Question

Question #ab1ff

Answer 1

`dy/dx={(sinx)^sqrtx(2xcotx+lnsinx)}/(2sqrtx).`

Explanation:

Given that, `y=(sinx)^sqrtx.`

Taking Natural Log. of both sides, and, using `lna^m=mlna,`

`lny=ln{(sinx)^sqrtx}=sqrtx*lnsinx.`

Using the Product Rule to diff. both sides w.r.t. `x,` we get,

`d/dx{lny}=d/dx{sqrtx*lnsinx}, i.e.,`

`d/dx{lny}=sqrtxd/dx{lnsinx}+(lnsinx)d/dxsqrtx....(star).`

Here, by the Chain Rule,

`d/dx{lny}=d/dy{lny}*dy/dx=1/y*dy/dx.`

Similarly, `d/dx{lnsinx}=1/sinx*d/dx{sinx}=cosx/sinx=cotx`.

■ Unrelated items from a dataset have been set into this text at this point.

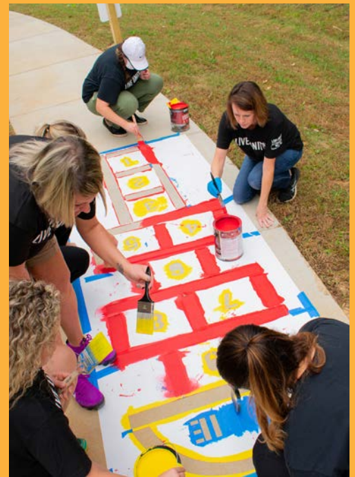
Phenix Flooring employees painting the path for the Born Learning Trail at Chatsworth-Murray Library.

Make A Difference Day, sponsored by Brown Industries and Phenix Flooring, mobilized 300 volunteers who gave 856 hours of service.
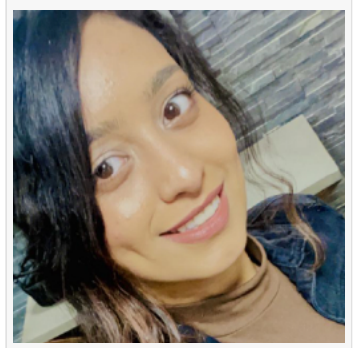
IndianEggDonors.com - ED01505 Beautiful & Brilliant Egg Donor Available

dreams of parenthood. We take pride in our high egg donor success rates, offering families a reliable, secure, and efficient process. Many of our recipients have shared stories of successful pregnancies, with testimonials highlighting our trusted egg donation services.
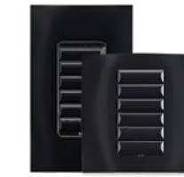
Midnight Black (Satin Finish)
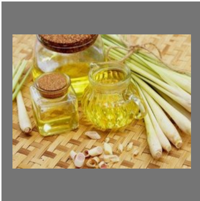
Lemongrass Leaf Oil
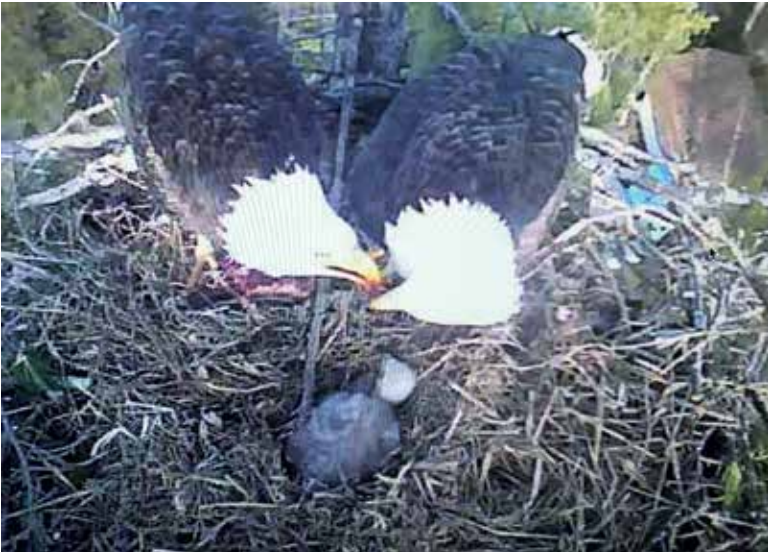
Left: The hand-off taking turns feeding junior.
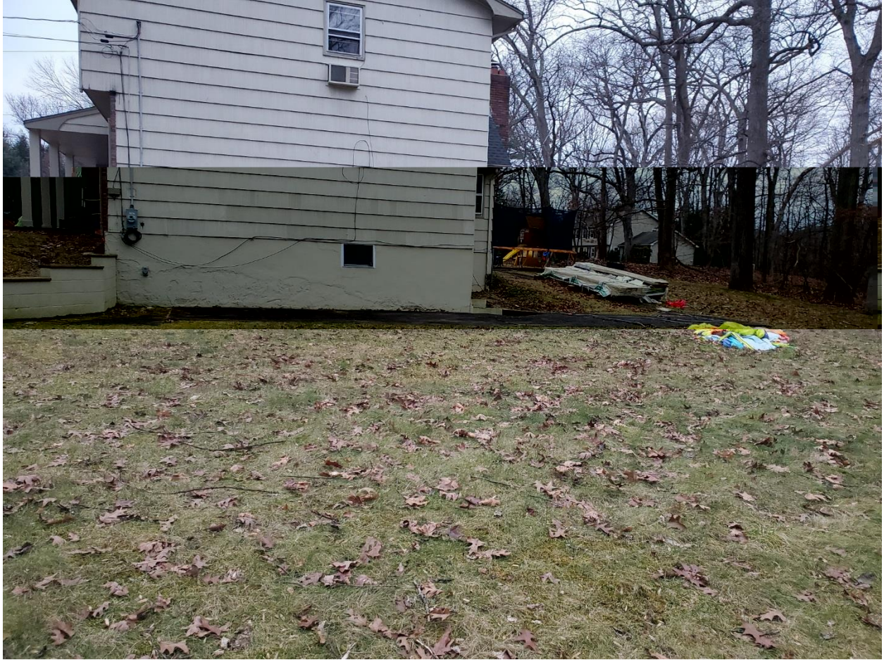
Looking southwest where pool will be
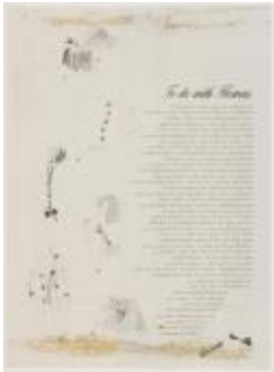
"To Do With Flowers" (KA008601_OSx1_f05_04)
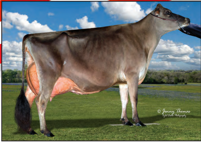
KCJF REGENCY BROOKLYN, E-92% Great-Grandam of Lot 34
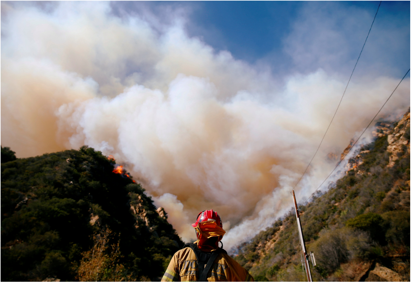
Firefighters battle the Woolsey Fire Nov. 11 in Malibu, Calif.
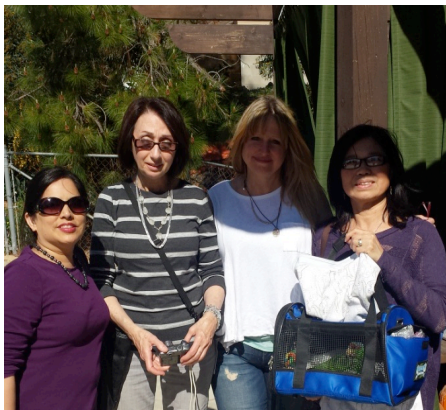
Team Figgy arrives with the newest addition to the flock!
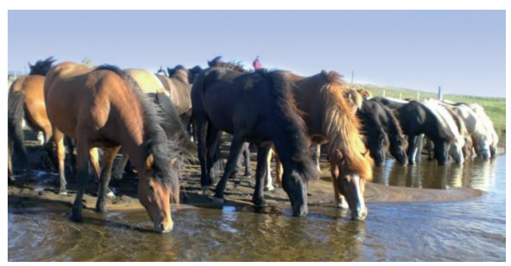
For further information about Nutripferd™ please contact:

This results in less allergy problems (like sweet itch) and stress. Skin and fur become shiny and coating is no longer a problem.
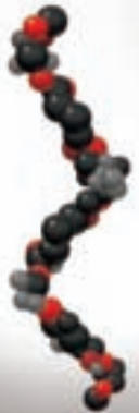
Actual SmartStrand molecule

Each carpet strand has a unique “kinked” structure that bends easily and rebounds quickly to resist the crushing and matting that can happen with other carpets.
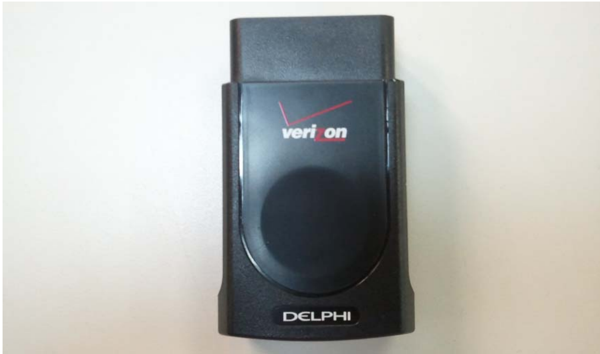
Figure 2.1: Package Contents
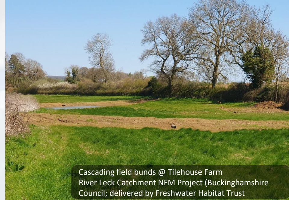
Cascading field bunds @ Tilehouse Farm River Leck Catchment NFM Project (Buckinghamshire Council; delivered by Freshwater Habitat Trust)

‘NFM involves implementing measures to restore or mimic natural functions of rivers, floodplains and the wider catchment , to store water in the landscape and slow the rate at which water runs off the landscape into rivers.’ (Cumbria Strategic Flood Partnership & Catchment Based Approach Partnerships, 2017) The measures should ‘complement other flood risk management approaches and involves working across the landscape to protect, restore or mimic the natural hydrological processes that occur.’ (CIRIA, 2022)
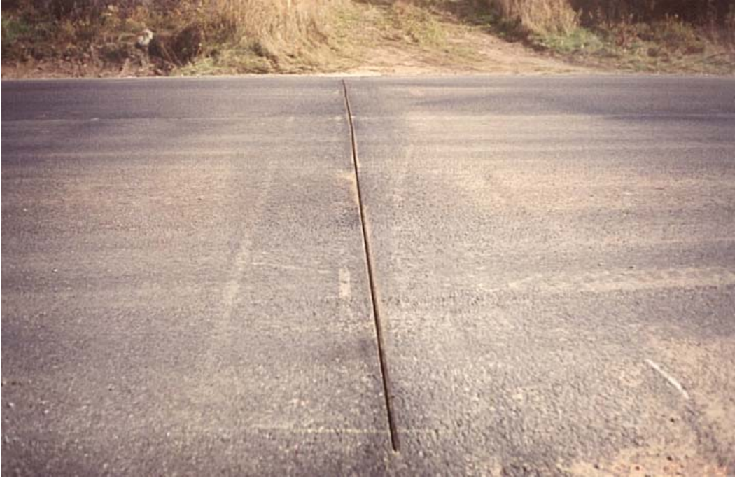
Finished Joint - Previous to Sealing
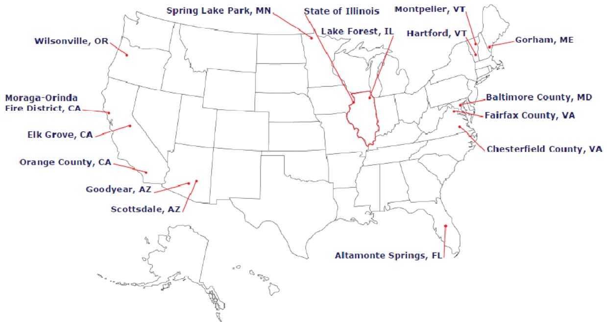
Figure 1: Locations of jurisdictions with fire sprinkler incentives which were included in the study.

Table 1 below summarizes each of these communities and which types of incentives were identified in a jurisdiction. Following this table, a summary of each jurisdiction characterizes the type of incentive, its structure, and its background in the jurisdiction.
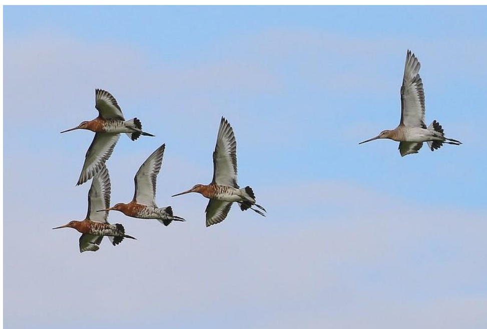
Black-tailed Godwits at Pow Burn ( Dougie Edmond )
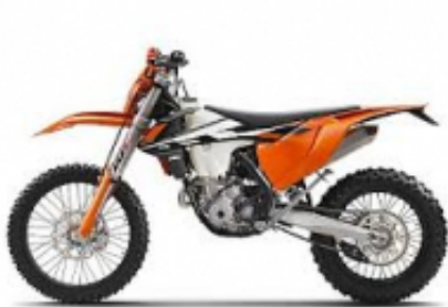
EXC 350 + $0.00
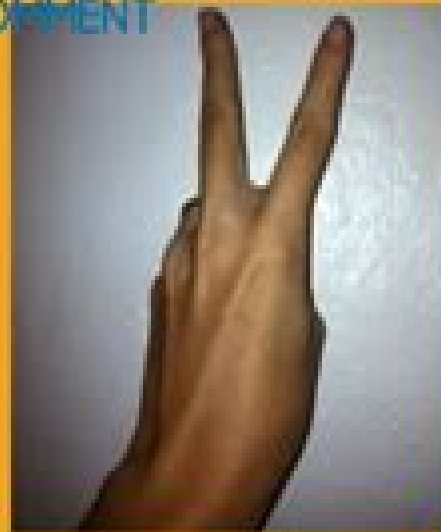
VICTOIRE / PAIX
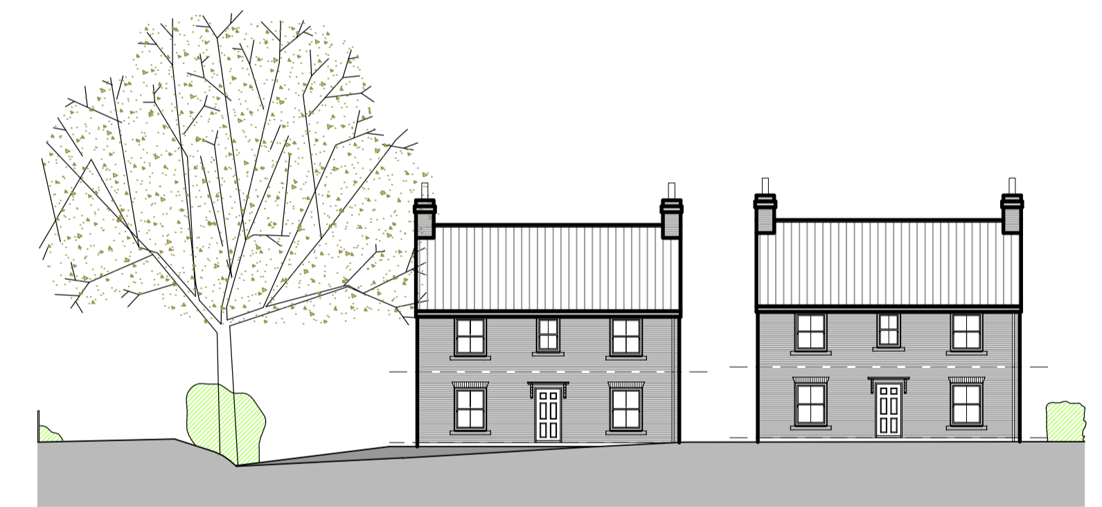
ELEVATION/SECTION B 1:200
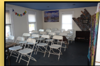
Organic Mustard Seed
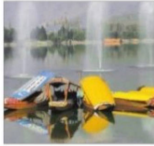
Shikaras on the Dal Lake

The government today informed the Jammu and Kashmir High Court that the vision document for the preservation of the Dal Lake was being prepared by the IIT-Roorkee and would be received by the J&K
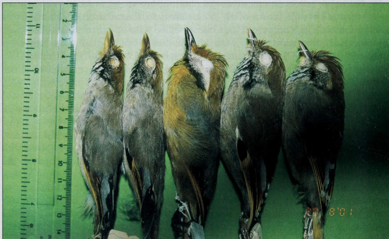
Figure 7. Profile view of the holotype of Minla strigula traii (centre) together with (from left to right) M. s. yunnanensis BMNH 1930.7.16.303 and BMNH 1930.7.16.304, and M. s. castanicauda BMNH 86.10.1.6789 (Topotype) and BMNH 86.10.1.6788 (Topotype).
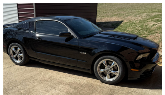
2013 Ford Fast Back Mustang GT, 5.0L engine, 35,971 miles
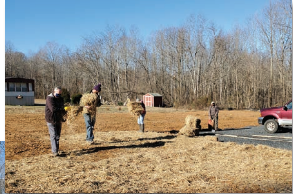
DRBA volunteers provided the finishing touch to the parking area at Rockingham County's newest park.
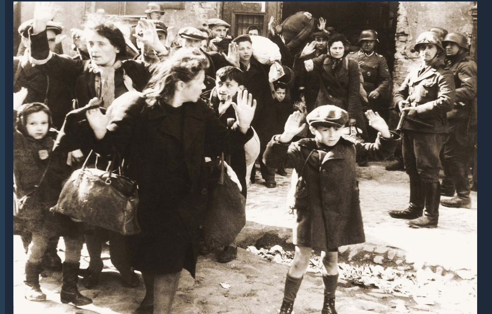
1943, German troops round up Jews after the uprising in the ghettos of Warsaw, Poland.

Utilising these in `(star),` we get,

`1/ydy/dx=sqrtx*cotx+(lnsinx)(1/2*x^(1/2-1)),`

`=sqrtx*cotx+(lnsinx)/(2sqrtx), or,`

`=(2xcotx+lnsinx)/(2sqrtx).`

`rArr dy/dx={y(2xcotx+lnsinx)}/(2sqrtx).`

Since, `y=(sinx)^sqrtx,`

`dy/dx={(sinx)^sqrtx(2xcotx+lnsinx)}/(2sqrtx).`

Enjoy Maths.!

Answer 2

Let's see.

Explanation:

Given `rarr`

`y=(sinx)^(sqrtx)`.......(1).

Taking "log" on both sides,

`color(red)(logy=sqrtxlog(sinx))`

Now differentiating w.r.t `x` by chain rule `rarr`

`:.1/ycdot(dy/dx)=1/(2sqrtx)cdotlog(sinx)+sqrtxcdot(cosx/sinx)`

`:.1/ycdot(dy/dx)=log(sinx)/(2sqrtx) +sqrtxcotx`

`:.dy/dx=(ylogsinx)/(2sqrtx) +ysqrtxcotx`

Now from equation (1) `rarr`

`:.color(red)(dy/dx=((sinx)^(sqrtx)cdotlog(sinx))/(2sqrtx)+((sinx)^(sqrtx)sqrtxcotx))`

`:.color(red)(dy/dx=(sinx)^(sqrtx)(log(sinx)/(2sqrtx)+sqrtxcotx))`

Hope it Helps:)